◆ Instructions to follow
Below are records with pictures in them. Transcribe everything from the line containing "- Thiết kế Chip" down to the line containing "A regular fitting", exactly, and leave the pictures behind.

◆ Extracted data
================================
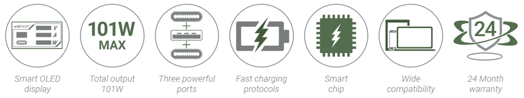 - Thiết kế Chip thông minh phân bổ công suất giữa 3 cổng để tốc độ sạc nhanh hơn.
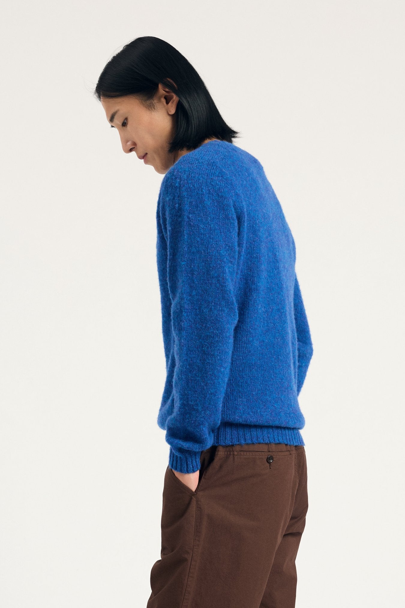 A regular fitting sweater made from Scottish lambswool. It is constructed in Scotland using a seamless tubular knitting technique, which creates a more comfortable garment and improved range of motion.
================================
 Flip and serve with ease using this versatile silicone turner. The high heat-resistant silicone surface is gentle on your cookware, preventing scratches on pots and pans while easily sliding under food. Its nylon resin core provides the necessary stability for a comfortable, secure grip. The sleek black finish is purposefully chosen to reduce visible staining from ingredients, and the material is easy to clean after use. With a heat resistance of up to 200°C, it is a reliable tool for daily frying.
================================
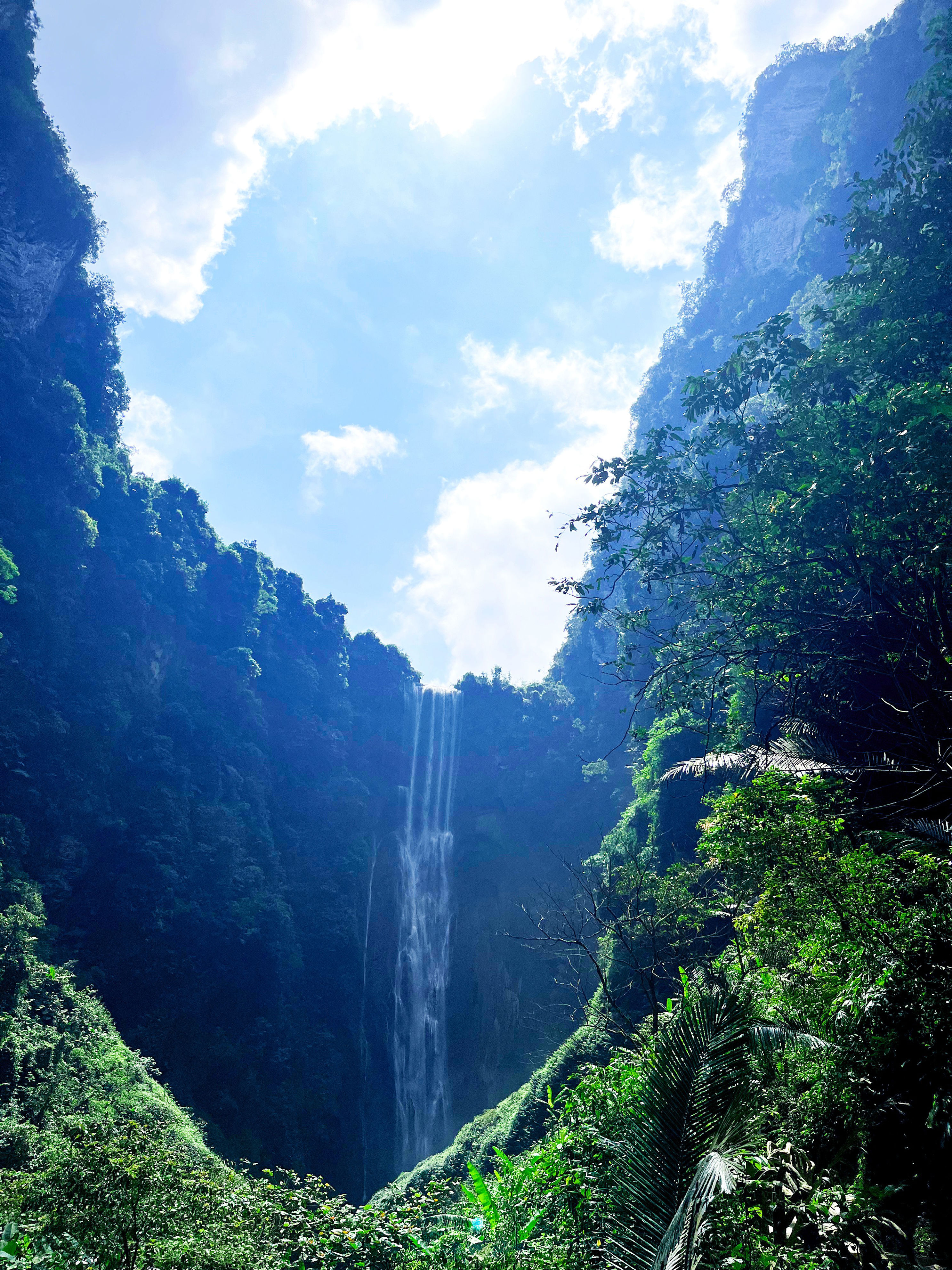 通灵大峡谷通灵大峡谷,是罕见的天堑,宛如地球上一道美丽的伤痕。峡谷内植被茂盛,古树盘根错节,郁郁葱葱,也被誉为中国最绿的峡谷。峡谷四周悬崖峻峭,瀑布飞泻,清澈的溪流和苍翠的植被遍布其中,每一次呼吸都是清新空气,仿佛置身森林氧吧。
================================
◆ Written response
 - Thiết kế Chip thông minh phân bổ công suất giữa 3 cổng để tốc độ sạc nhanh hơn.
 A regular fitting sweater made from Scottish lambswool. It is constructed in Scotland using a seamless tubular knitting technique, which creates a more comfortable garment and improved range of motion.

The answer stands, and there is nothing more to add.